The micro-services bus

Switch boxIndeed the major development that aims to improve what happened in recent years is the shift to micro-services. The need is to build a loosely-coupled system, which means that a break in one system, will stay in that system. A bug, a machine failure, a third-party error – nothing will affect the others. Much like your home fuse box: if one room goes black, the rest can still shine. 

Isn’t that simple to solve? We can just split the huge code base that we probably have into smaller pieces, maybe along business lines. For example – the user manager module, the pricing module, the search module, and So on.  The problem is, that a simple split of a monolithic app into microservices is not the whole story. That is easy. The bigger question is how will these modules work together. How will they communicate with each other?

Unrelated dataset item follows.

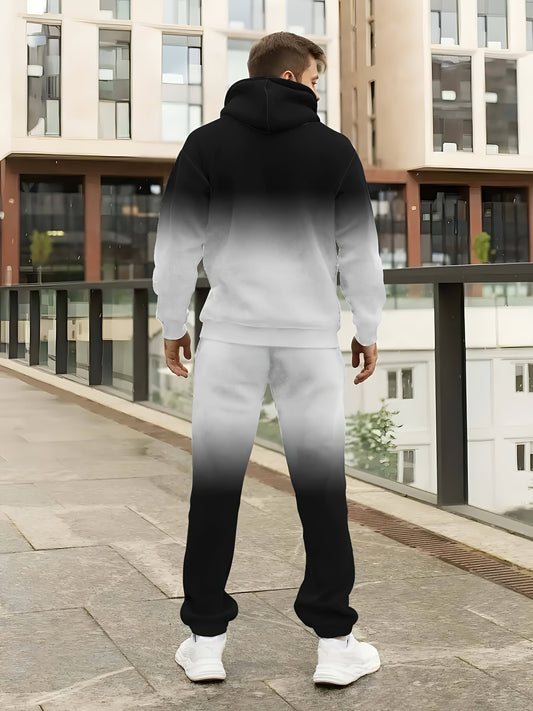 Herren Freizeit Polyester Kapuzen-Trainingsanzug mit Farbverlauf-Druck, Strickgewebe Langarm Hoodie und Jogginghose Set mit leichtem Stretch

For example, take the most basic event in Korra’s system – a new tutorial video was uploaded to the system by the admin, in our case, the knowledge manager. There’s a microservice that is responsible for the upload operation, called, in our case, the FS-Uploader. It runs on the backend, waits with an exposed API for upload calls from the browser, and saves the file to the disk. 

Then, once the upload is done, several other operations should be performed. For example, the audio in a / video needs to be recognized and transcribed into text, so that it will be searchable. The video should be converted into various bitrates so that users with low bandwidth – for example, mobile users – can watch it without stutters. We also need to save information about its size so that we can charge users by the amount of data they use. 

In a regular system, we might be tempted to call 3 kinds of services once the file has been uploaded: 

  1. Call the Automatic Speech Recognition service on the file
  2. Convert the video into multiple bitrates 
  3. Save its size into a database

Looks neat and clean, right? But with a few additional features and a few more months of development, it probably will look like this:

They are well separated, but one can clearly see the mess. If one service has a bug, or its machine falters, then all the other services that call it, fail as well. 

The best way of having loosely decoupled modules is by using an event-driven architecture. Going by the name of Publisher-Subscriber pattern, or Pub-Sub for short, it’s been the go-to approach for decades for any well-distributed system. In this architecture, a module publishes an event with data, without knowing who will use it and how. 

There is no direct connection between any of the modules. Once the file was uploaded, the Uploader module publishes a message that a file was uploaded. This message has a type – say, FileWasUploaded, and also carries the information needed – for example, about what file it is, which knowledge base it belongs to, what’s the user id, and so on. 

Now any module that might need to act upon this event, subscribes to FileWasUploaded

 

 

The advantages of this approach are huge. It’s more stable – a bug in one module does not crash the rest. Even more importantly, it’s easier to add new modules. What will happen if we have to add a module that, say, emails an administrator on any new file?

In the first approach, we’ll have to touch two modules: one that does the email, and one that calls it. 

 

With a bus, we need half of the work! Just add the email module. have it subscribe to events of FileUploaded, the name of the message your FSUploader module sends to the bus when a file is loaded. 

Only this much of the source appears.